%%

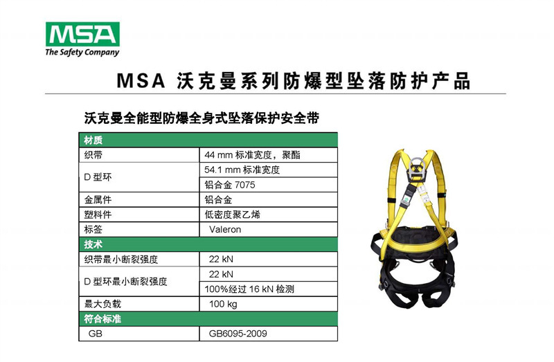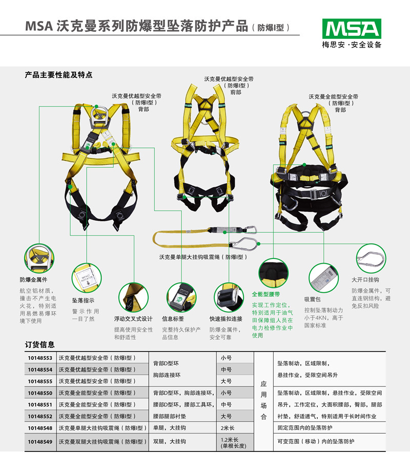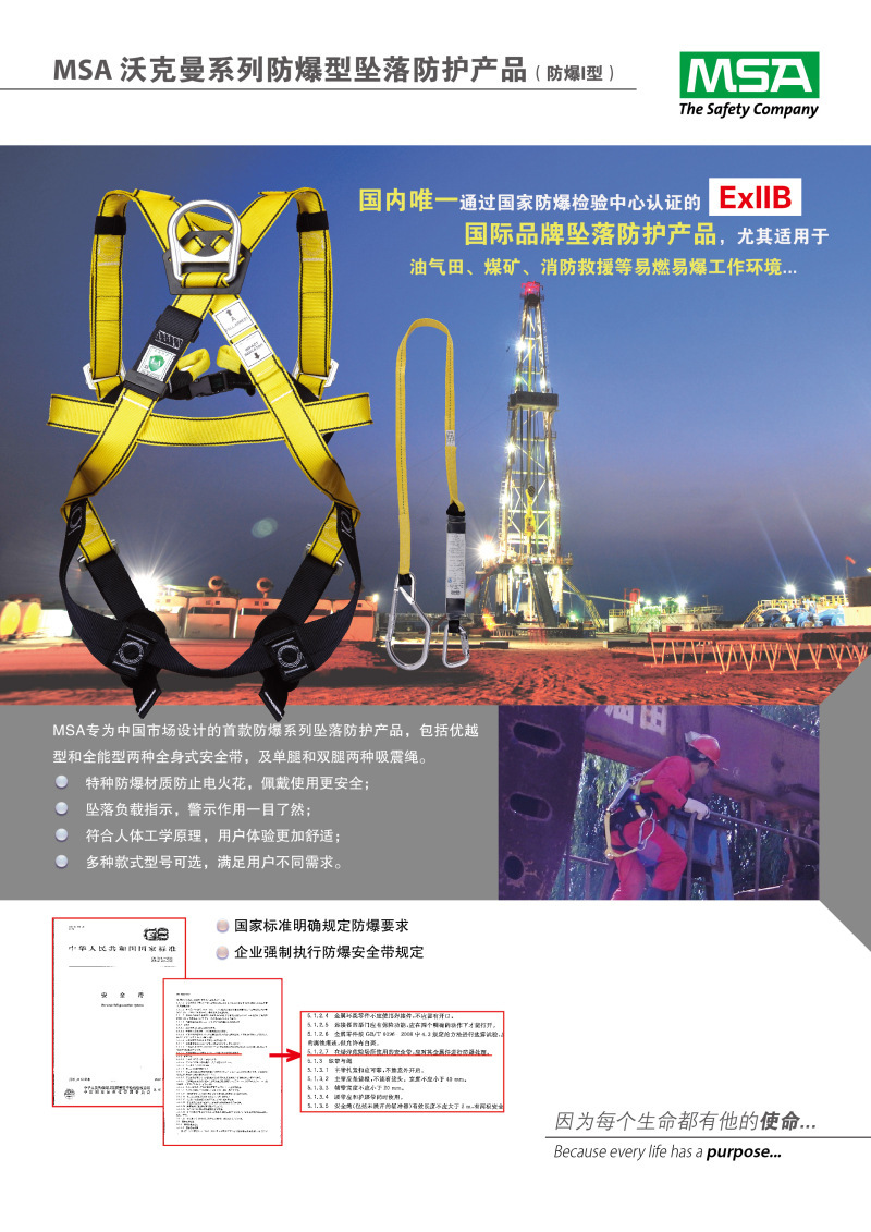 • MSA为中国市场设计的防爆系列坠落防护产品,它也是国内通过国家防爆检验中心认证的国际品牌坠落防护产品,尤其适用于油气田、煤矿、消防救援等易燃易爆工作环境;
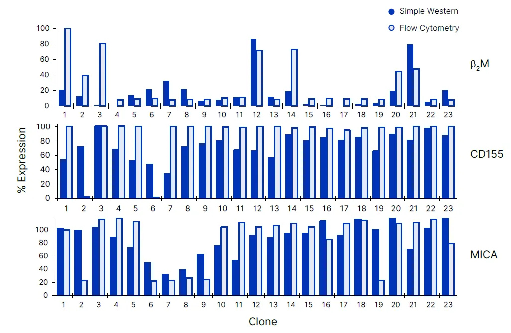 图3 显示的是以野生型为对照,量化各克隆的敲低百分比,并将流式与Simple Western 进行对比。
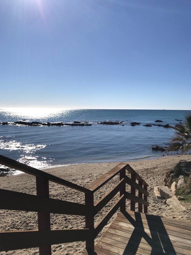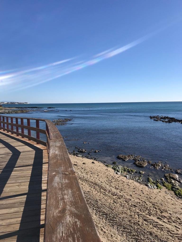 Entre repos et ballade Ă la Cala, la premiĂšre journĂ©e (le 31 dĂ©cembre) fut reposante comme il fallait, un magnifique bord de mer oĂč une allĂ©e de bois permet de longer la plage avec vue sur le Maroc svp..
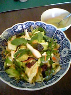 有り合わせのもので作るサラダ、朝ご飯だけは家で食べるので一応主婦業の一部ですが手抜きの多いこと・・・でもま、いいか。
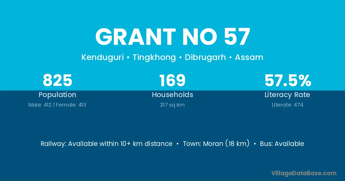 Grant No 57 village has a total population of 825 people, of which 412 are males and 413 are females.
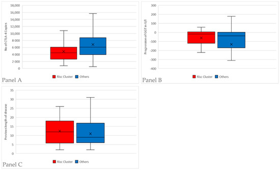 We compared the patients having CTLA4 SNP rs733618 and FOXP3 SNP rs2280883 in their homozygotic major variants (TT) (n = 44) with the other patients (n = 81). The homozygotic patients had lower number of CTLA−4 copies (4870 vs. 6848, p = 0.003). Progression of GGT, defined as difference between initial diagnosis and current value, showed weaker recovery than in the other patients (−61.7 U/l vs. −132.6 U/l, p = 0.04). There is no significant difference in mean AP levels of these patients (158.1 U/l vs. 189.7 U/l, p = 0.13) PSC is more often the relevant diagnosis in this group than in the other allele variants (n = 18/44; 40% vs. n = 17/81, 21%, p = 0.03). Also, cirrhosis tends to occur more often (n = 10/41, 24% vs. n = 11/81, 13%), but this difference is not statistically significant (p = 0.17). There is no significant difference in previous disease duration (12.4 years vs. 10.9 years, p = 0.3). The characteristics of this “risk cluster” having both CTLA4 SNP rs733618 and FOXP3 SNP rs2280883 in their homozygotic major variants are depicted in Figure 2 and Figure 3.
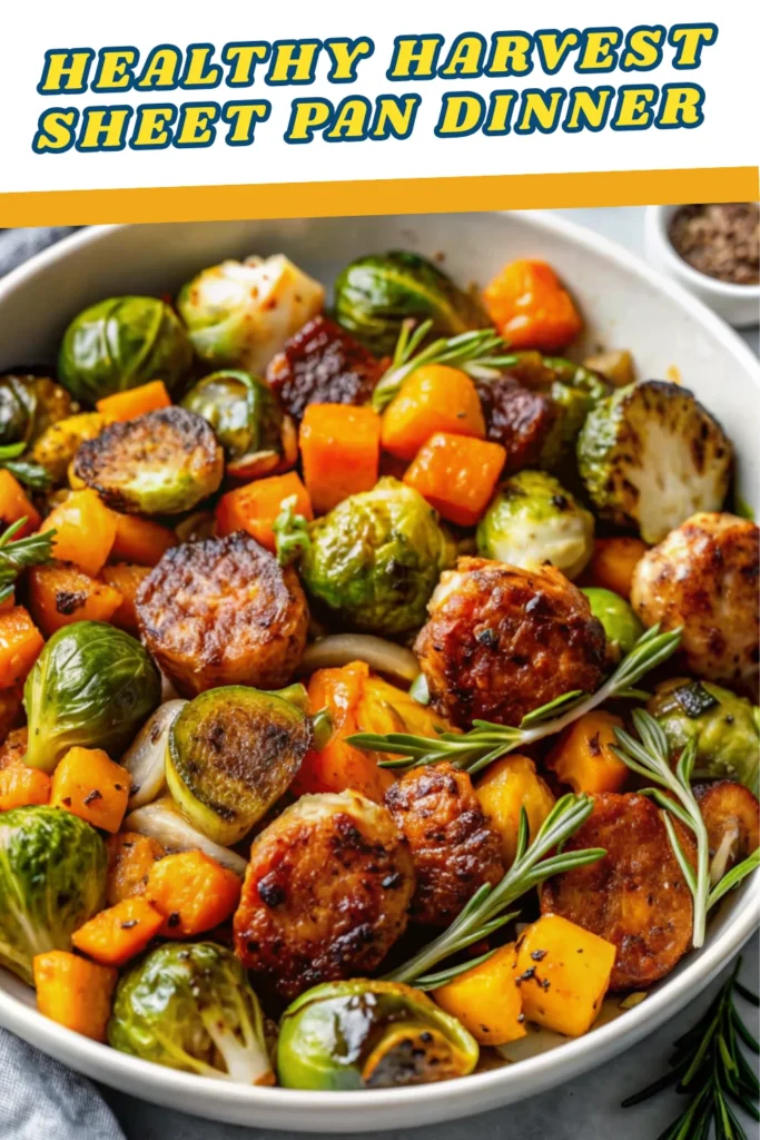 Keywords: harvest sheet pan dinner, sheet pan recipe, fall dinner recipe, sausage sheet pan, roasted vegetables
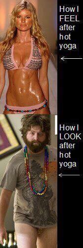 I went early enough to be able to sit in the room for about ten minutes prior to class starting. I wanted to get acclimated to the heat. Mind you, my goal for my first day back was to be able to stay in the room for the duration of class. No problem, right? Wrong! The very first time I attended a class, I ran for the door about 60 minutes in. I felt faint and nauseous. I came back in, though and the next class was a bit easier and I stayed in the whole time. The next milestone was to at least be able to attempt every pose… we’ll get to that later. I felt amazing as class began. I was back! I was focused on myself in the mirror and was correcting and adjusting each pose as I went. Following Jeff’s directions; clenching the thigh muscles, pushing my hips forward, keeping my weight on the heels of my feet, taking care to align my hips and shoulders. I was DOING it! He even remarked “you haven’t missed a beat, Jenny!”. Oh sweet Jesus! He complimented my efforts, for joy! Uhhh, you just wait, Jeff… There’s more coming, and it’s going to look a little more like a shit show. I kept going… I’m super glad that he complimented me on pose three, because by pose five, I almost died. Yep. I’m pretty sure I saw the grim reaper himself pass behind me in the mirror. I took a knee. This felt a little like defeat, but then I reminded myself of my original goal… to stay in the room. I stood again. I wrapped my arms in knots, I squatted and twisted my legs like ropes. I stood there, sweat dripping from EVERYWHERE and felt strong again. I didn’t even notice the contorted flab of my upper arms, I was THAT focused. Again… I was DOING it! Somewhere in the next few poses, I lost my mojo again. I’m fairly certain that it could have been found in the pool of sweat that was steadily collecting at my feet. I took a knee. I was pretty checked out for the rest of the class. Sips of water and focusing on not passing out is what became my main job. Then… when I thought I couldn’t stand it any longer… SAVASANA. Yes! I made it! And I didn’t die!!! Ok, I’m being dramatic, people don’t die from hot yoga. Do they?
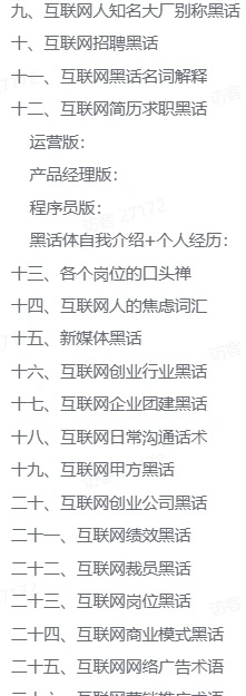 网友总结的一份互联网最全黑话词典 2024版,是目前最全的互联网黑话词典,收录词条超过5000条,超3.5万字,共34个章节,还会持续更新的。 黑话词典的意义更多在于解读官话、套话,用人话说心里话,当然也可以让互联网小白快速掌握专用词汇和爱用黑话的朋友对吹。也是最好的互联网科普读物,帮助大家在职场生存,求职面试等过程中更能运筹帷幄。
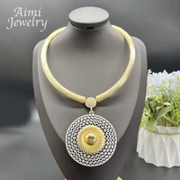 Large Round Pendant 18K Gold Plated Jewelry Set for Women Necklace Earrings Bracelet Ring African Bridal Wedding Party Gifts
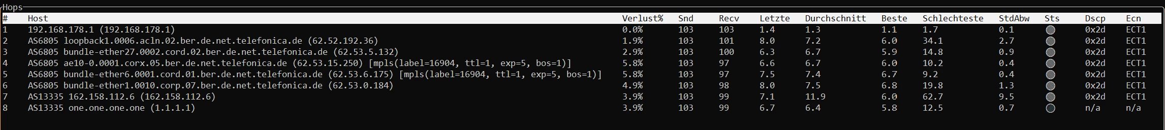 nach einem IPv4 Test gefragt… (Achtung, kein Hop schuldet Dir ICMP Antworten, daher kann es immer wieder mal zu Paketverlust bei bestimmten Hops entlang eines Netzwerkpfades kommen, aber wenn der Paketverlust ab Hop N bis zum Ende konstant erhoeht ist, deutet dass stark die Hops N-1 und N als moegliche Verlustquellen hin).
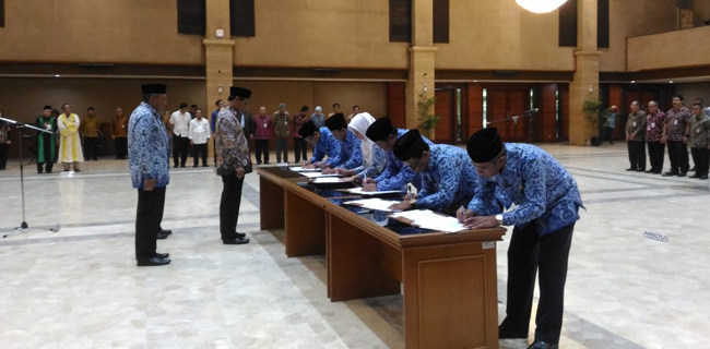 Adapun yang dilantik hari ini tiga orang untuk pejabat Eselon II.a adalah Widono, I Ketut Kariyasa dan Mohammad Ismail Wahab.
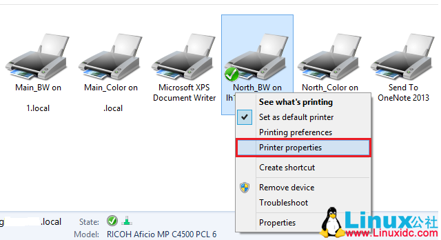 首先,登入Windows,右击你要共享的打印机,然后点击‘Printer properties(打印机属性)’

%%

- EXERCISE OBJECTIVE:
Your task is to copy only the lines above starting at the one containing "有り合わせのもので作るサラダ" and ending at the one containing "Grant No 57". Copy them exactly, both ends included, and omit the pictures.

- WRITTEN ANSWER:
 有り合わせのもので作るサラダ、朝ご飯だけは家で食べるので一応主婦業の一部ですが手抜きの多いこと・・・でもま、いいか。
 Grant No 57 village has a total population of 825 people, of which 412 are males and 413 are females.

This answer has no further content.